> [EXTRACTED MATERIAL]:
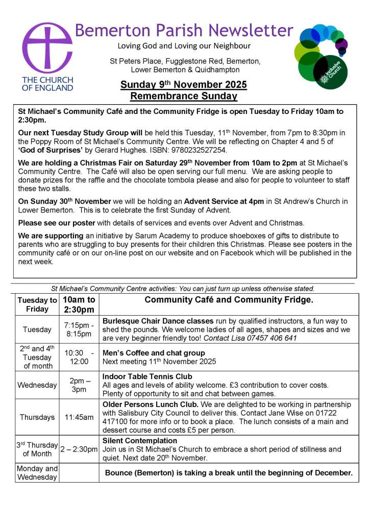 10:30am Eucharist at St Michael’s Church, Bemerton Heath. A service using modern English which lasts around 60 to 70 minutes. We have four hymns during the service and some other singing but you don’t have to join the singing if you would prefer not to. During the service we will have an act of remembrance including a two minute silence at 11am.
---
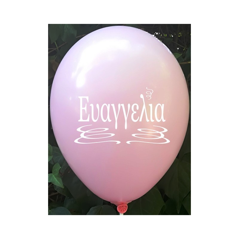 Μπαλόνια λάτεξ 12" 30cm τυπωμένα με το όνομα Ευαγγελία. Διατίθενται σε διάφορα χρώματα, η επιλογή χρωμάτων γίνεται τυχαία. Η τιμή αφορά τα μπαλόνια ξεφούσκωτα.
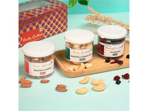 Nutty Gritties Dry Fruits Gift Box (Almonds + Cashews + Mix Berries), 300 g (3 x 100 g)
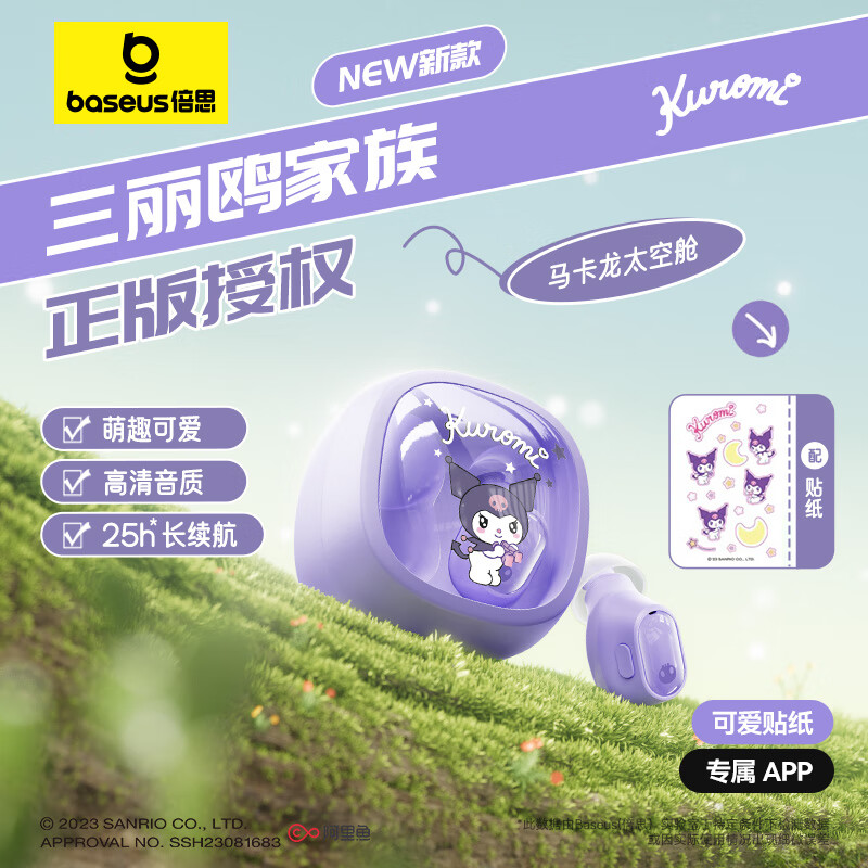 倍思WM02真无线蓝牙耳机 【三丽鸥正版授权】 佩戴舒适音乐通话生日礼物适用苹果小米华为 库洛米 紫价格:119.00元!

> [PROBLEM REQUIREMENTS]: Copy everything above from the line holding "τα μπαλόνια ξεφούσκωτα." down to the line holding "倍思WM02真无线蓝牙耳机 【三丽鸥正版授权】 佩戴舒适音乐通话生日礼物适用苹果小米华为", both ends included, exactly as it stands and without the pictures.

> [REPLY TO THE EXERCISE]:
 Μπαλόνια λάτεξ 12" 30cm τυπωμένα με το όνομα Ευαγγελία. Διατίθενται σε διάφορα χρώματα, η επιλογή χρωμάτων γίνεται τυχαία. Η τιμή αφορά τα μπαλόνια ξεφούσκωτα.
 Nutty Gritties Dry Fruits Gift Box (Almonds + Cashews + Mix Berries), 300 g (3 x 100 g)
 倍思WM02真无线蓝牙耳机 【三丽鸥正版授权】 佩戴舒适音乐通话生日礼物适用苹果小米华为 库洛米 紫价格:119.00元!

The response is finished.